### Brief
Copy the records below word for word, from the first line through the line that contains "Samolepiaci informačný panel", and leave out any pictures.

··· Available data

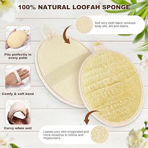 【ENJOY YOU SHOWER TIME】Loofah Sponge fit on mens shower, women bathing beauty and Kids body wash. Soft and absorbent after soaking in water, Lightly textured natural loofah sponge exfoliating body scrubber sweeps away dead cells to Refreshing every day, bringing a better life.
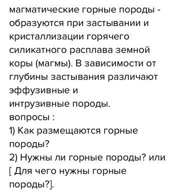 Ответ: 1) Конечные продукты магматической деятельности, возникшие в результате затвердевания природного расплава. Переход расплава в твёрдое состояние сопровождается кристаллизацией вещества.
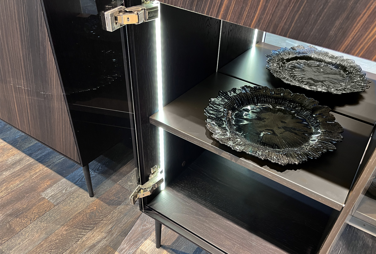 ✅ В витрине установлена подсветка, которая включается и выключается движением в нижней части витрины.
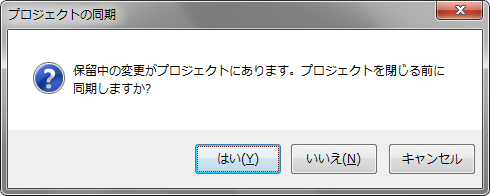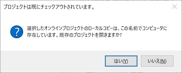 作業を再開する場合は[はい]をクリックしてチェックアウト済みのプロジェクトを開いてください。
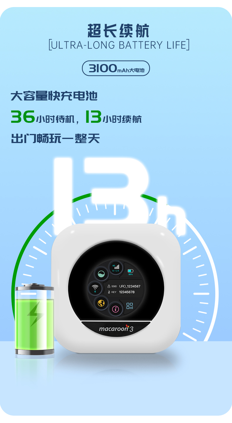 机器性能:最多连接10台设备,续航时间为13小时。
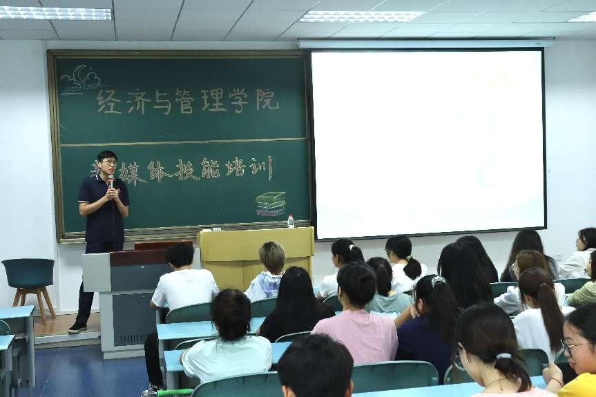 于求是楼321教室顺利开展新媒体技能培训大会,本次培训特邀校团委青年发展科科长邸少华老师为全体学生讲授新媒体运营的专业知识和技能,新媒体中心负责人丁延昭老师、学院新媒体部门全体成员及部分学生参加。
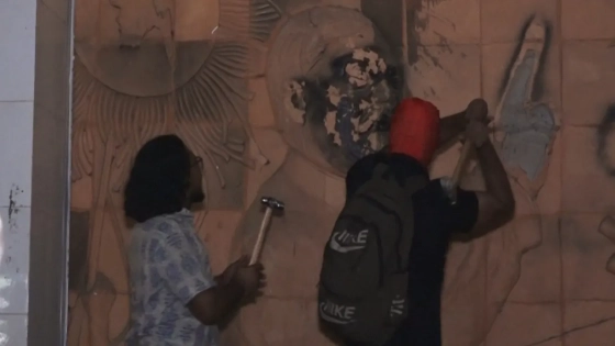চট্টগ্রাম মেডিকেল কলেজে গিয়ে দেখা যায়, পুরোনো একাডেমিক ভবনের সামনে একটু ম্যুরাল ভাঙছেন ২০-২৫ জন। তাদের কয়েকজনের হাতে হাতুড়ি ছিল। অন্যদের হাতে পাথর।
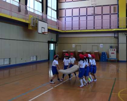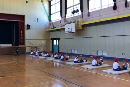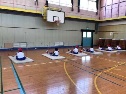 2時間目に、1年生が「上体おこし」と「立ち幅とび」の記録を測定しました。マットも初めて自分たちで運びました。どんどん小学生らしく、成長していっています。
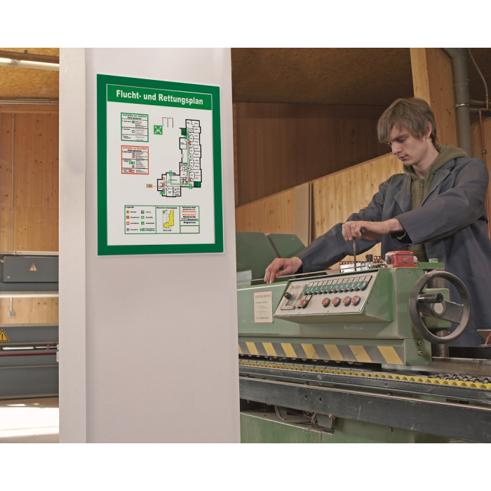 Samolepiaci informačný panel s prednou magnetickou časťou. Ideálny na vystavovanie kľúčových informácií, špeciálnych oznamov alebo dôležitých čísel. Informácie sa ľahko vymieňajú a sú čitateľné z oboch strán, ak sa panel umiestni napr. na okno alebo priehľadné dvere. Vhodný na hladké a pevné povrchy. V prípade potreby je ľahko premiestniteľný bez potreby vŕtania. Formát A4, farba rámu zelená. V balení 2 ks.
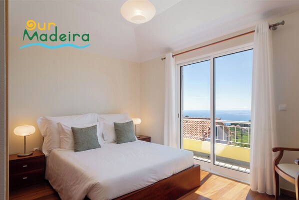 Bedroom 2, 1st floor, Double bed (140 x 200), Single bed (0,90 x 2,00), wardrobe, TV, opens to private balcony.

······

### Task solution
 【ENJOY YOU SHOWER TIME】Loofah Sponge fit on mens shower, women bathing beauty and Kids body wash. Soft and absorbent after soaking in water, Lightly textured natural loofah sponge exfoliating body scrubber sweeps away dead cells to Refreshing every day, bringing a better life.
 Ответ: 1) Конечные продукты магматической деятельности, возникшие в результате затвердевания природного расплава. Переход расплава в твёрдое состояние сопровождается кристаллизацией вещества.
 ✅ В витрине установлена подсветка, которая включается и выключается движением в нижней части витрины.
 作業を再開する場合は[はい]をクリックしてチェックアウト済みのプロジェクトを開いてください。
 机器性能:最多连接10台设备,续航时间为13小时。
 于求是楼321教室顺利开展新媒体技能培训大会,本次培训特邀校团委青年发展科科长邸少华老师为全体学生讲授新媒体运营的专业知识和技能,新媒体中心负责人丁延昭老师、学院新媒体部门全体成员及部分学生参加。
চট্টগ্রাম মেডিকেল কলেজে গিয়ে দেখা যায়, পুরোনো একাডেমিক ভবনের সামনে একটু ম্যুরাল ভাঙছেন ২০-২৫ জন। তাদের কয়েকজনের হাতে হাতুড়ি ছিল। অন্যদের হাতে পাথর।
 2時間目に、1年生が「上体おこし」と「立ち幅とび」の記録を測定しました。マットも初めて自分たちで運びました。どんどん小学生らしく、成長していっています。
 Samolepiaci informačný panel s prednou magnetickou časťou. Ideálny na vystavovanie kľúčových informácií, špeciálnych oznamov alebo dôležitých čísel. Informácie sa ľahko vymieňajú a sú čitateľné z oboch strán, ak sa panel umiestni napr. na okno alebo priehľadné dvere. Vhodný na hladké a pevné povrchy. V prípade potreby je ľahko premiestniteľný bez potreby vŕtania. Formát A4, farba rámu zelená. V balení 2 ks.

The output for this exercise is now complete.